TASK MATERIAL:
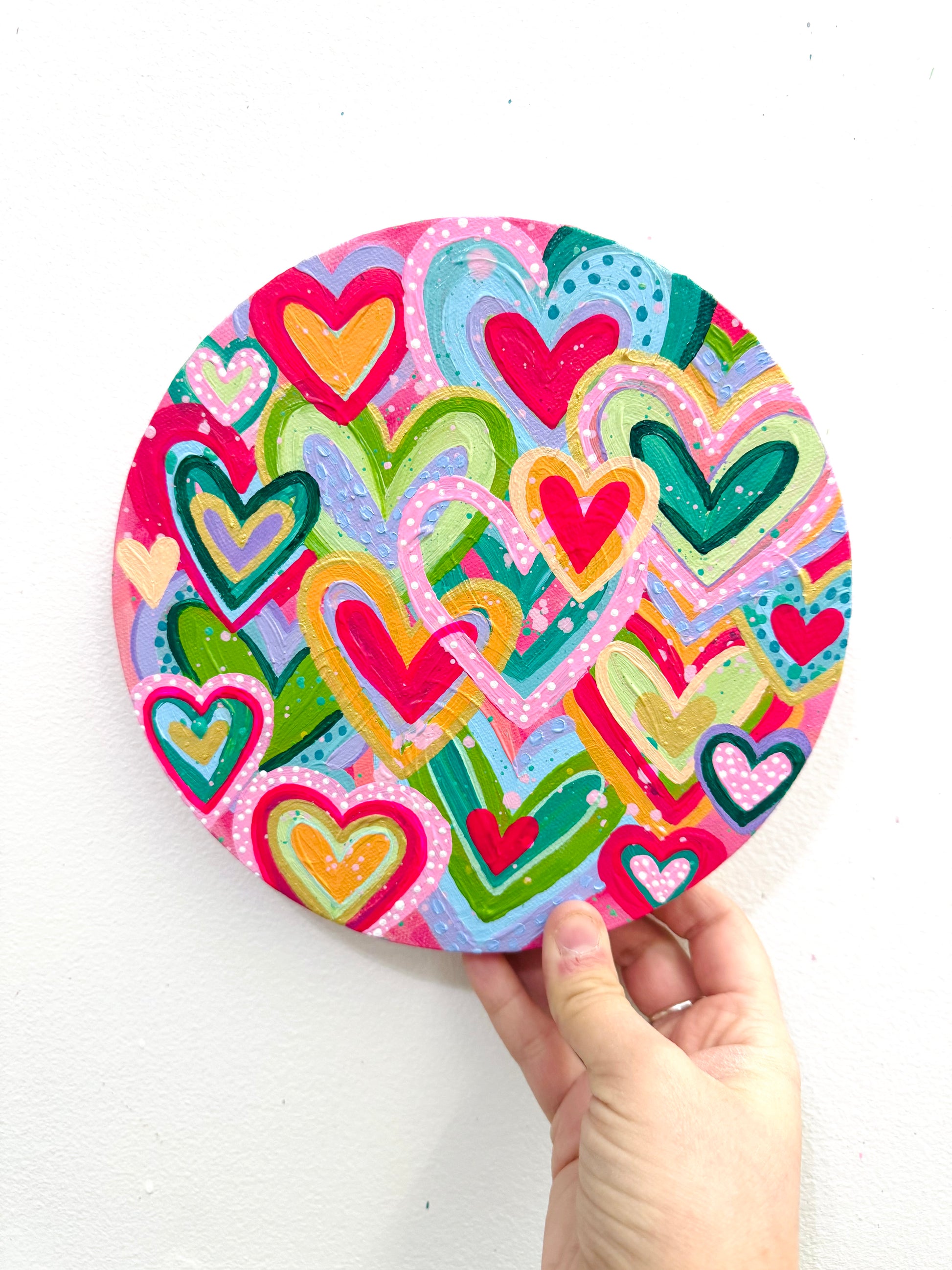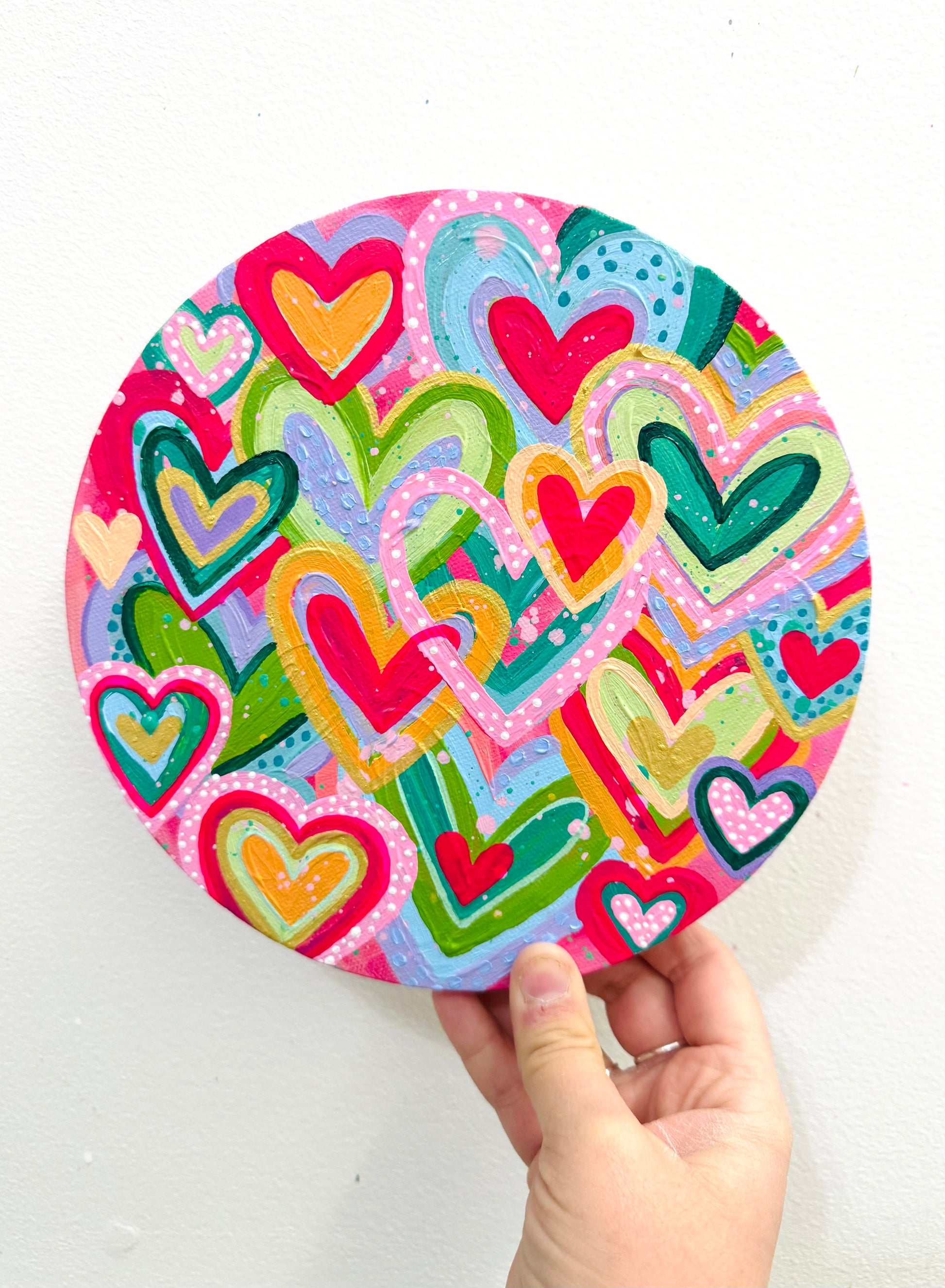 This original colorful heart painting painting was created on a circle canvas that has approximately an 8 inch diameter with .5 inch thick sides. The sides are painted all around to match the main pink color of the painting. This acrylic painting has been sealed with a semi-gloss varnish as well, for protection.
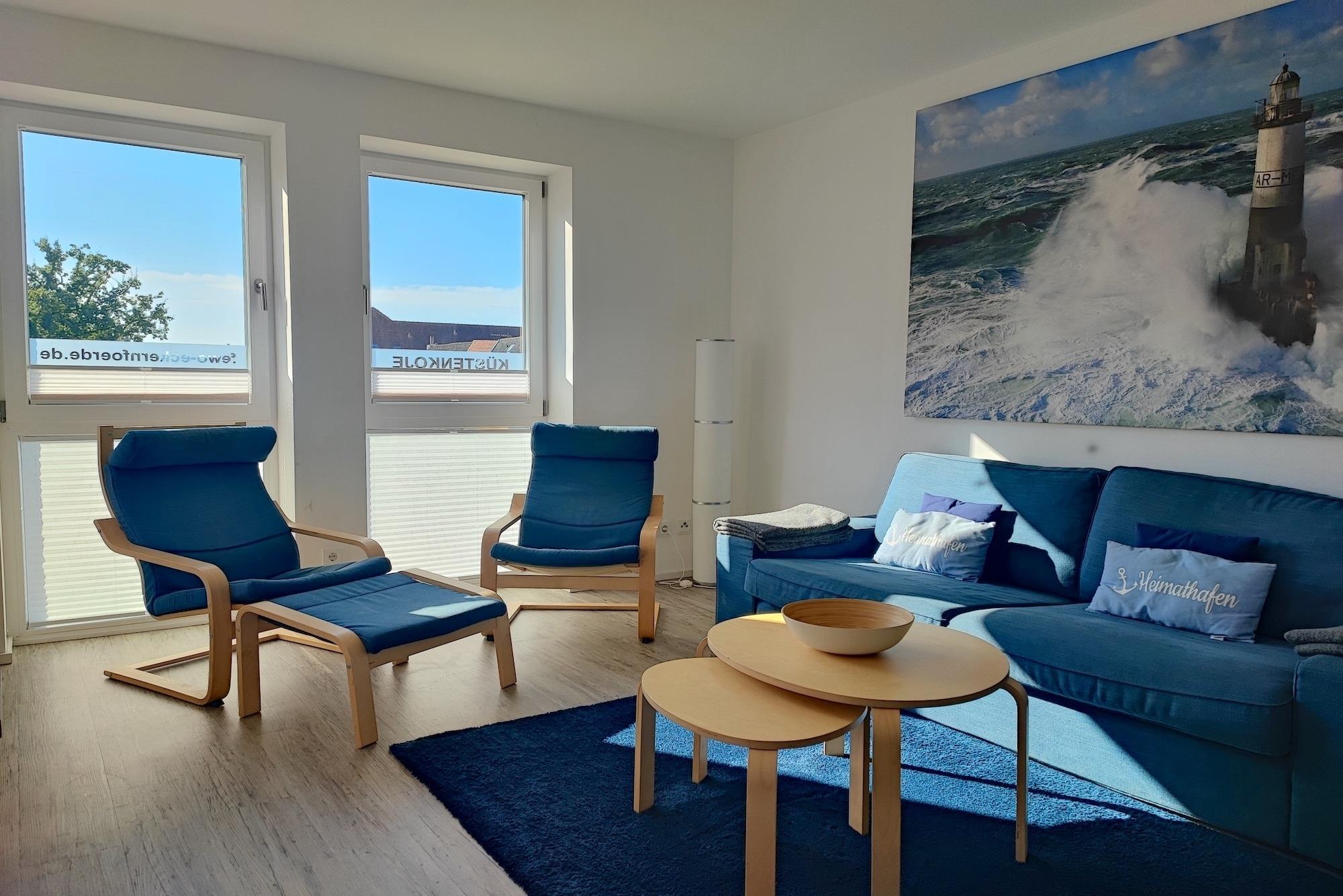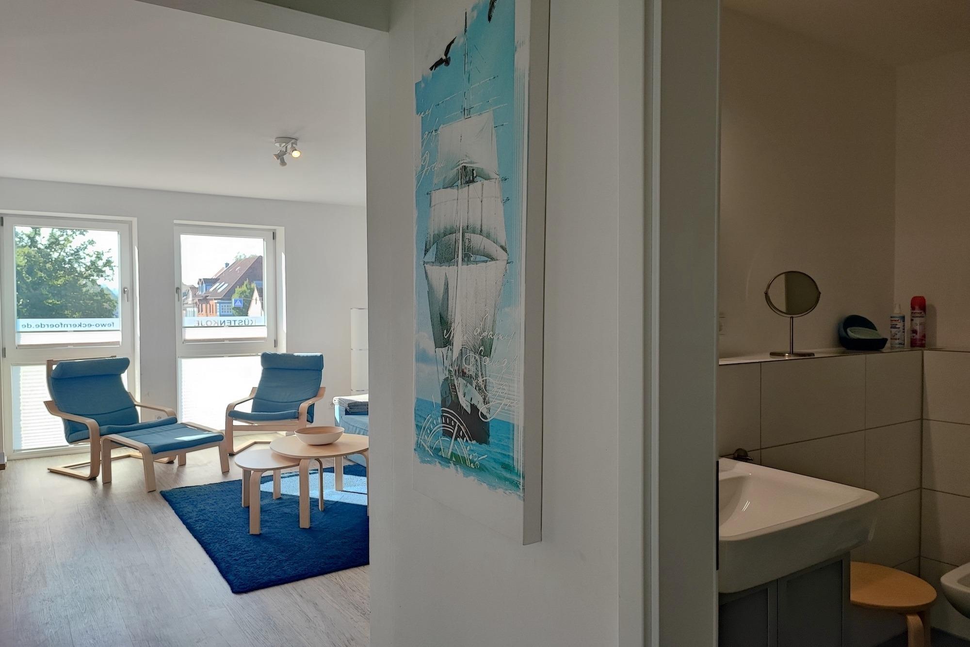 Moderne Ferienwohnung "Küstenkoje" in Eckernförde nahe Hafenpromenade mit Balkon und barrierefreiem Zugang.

==

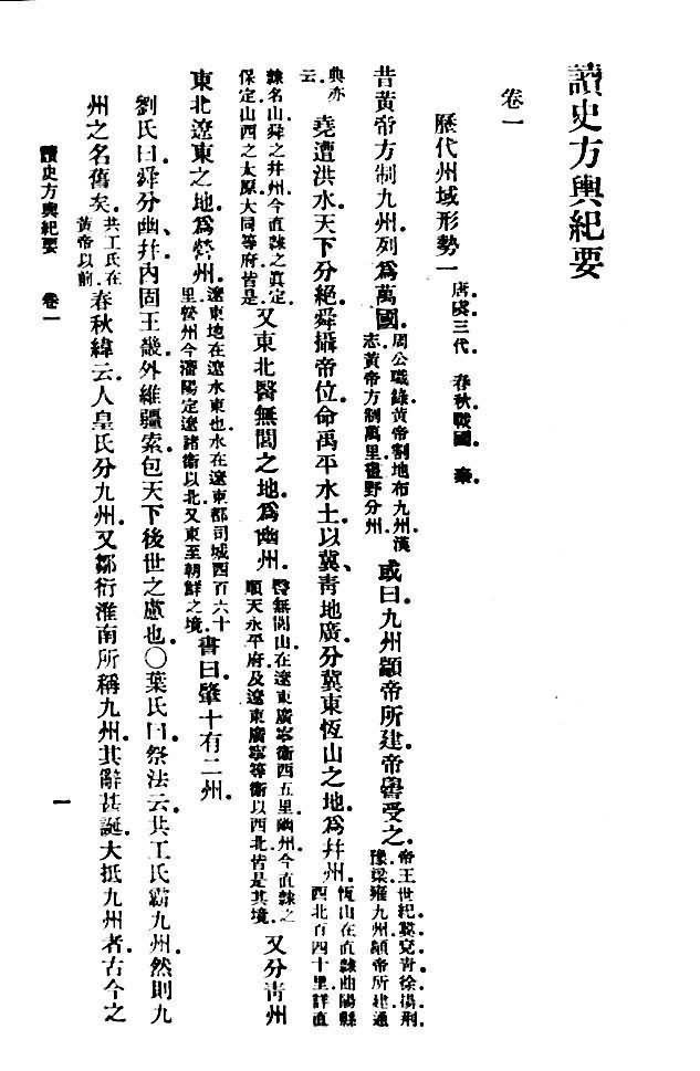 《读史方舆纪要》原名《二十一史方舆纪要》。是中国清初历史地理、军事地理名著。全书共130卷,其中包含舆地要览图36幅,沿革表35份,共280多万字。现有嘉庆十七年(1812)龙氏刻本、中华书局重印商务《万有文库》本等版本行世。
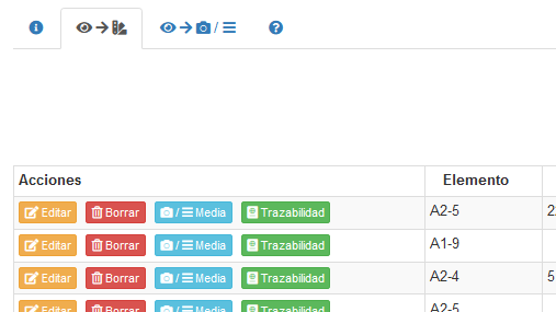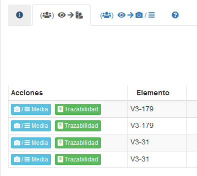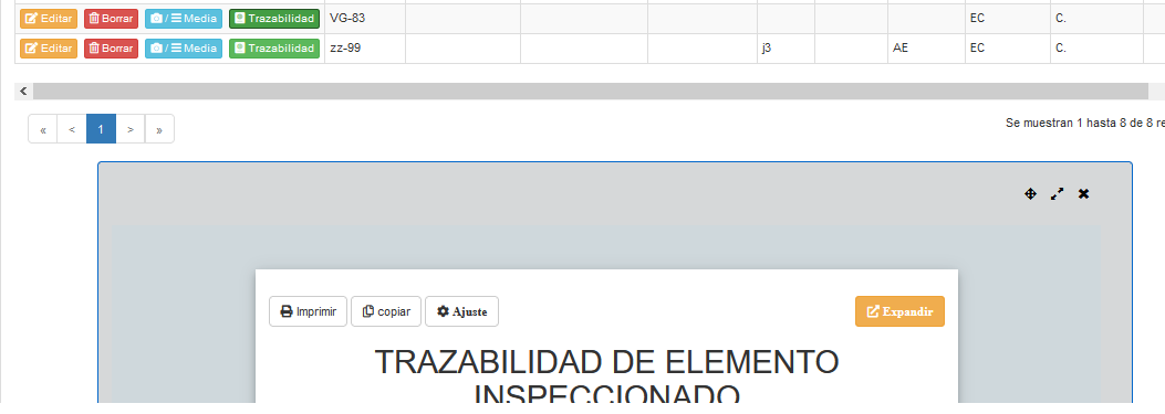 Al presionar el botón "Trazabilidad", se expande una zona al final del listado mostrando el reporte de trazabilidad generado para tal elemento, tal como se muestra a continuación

DIRECTIONS FOR THIS TASK: Above, find the line holding "This original colorful" and the line holding "und barrierefreiem Zugang.". Print exactly those two lines and every line between them, but no pictures.

RESULT OF THIS EXERCISE:
 This original colorful heart painting painting was created on a circle canvas that has approximately an 8 inch diameter with .5 inch thick sides. The sides are painted all around to match the main pink color of the painting. This acrylic painting has been sealed with a semi-gloss varnish as well, for protection.
 Moderne Ferienwohnung "Küstenkoje" in Eckernförde nahe Hafenpromenade mit Balkon und barrierefreiem Zugang.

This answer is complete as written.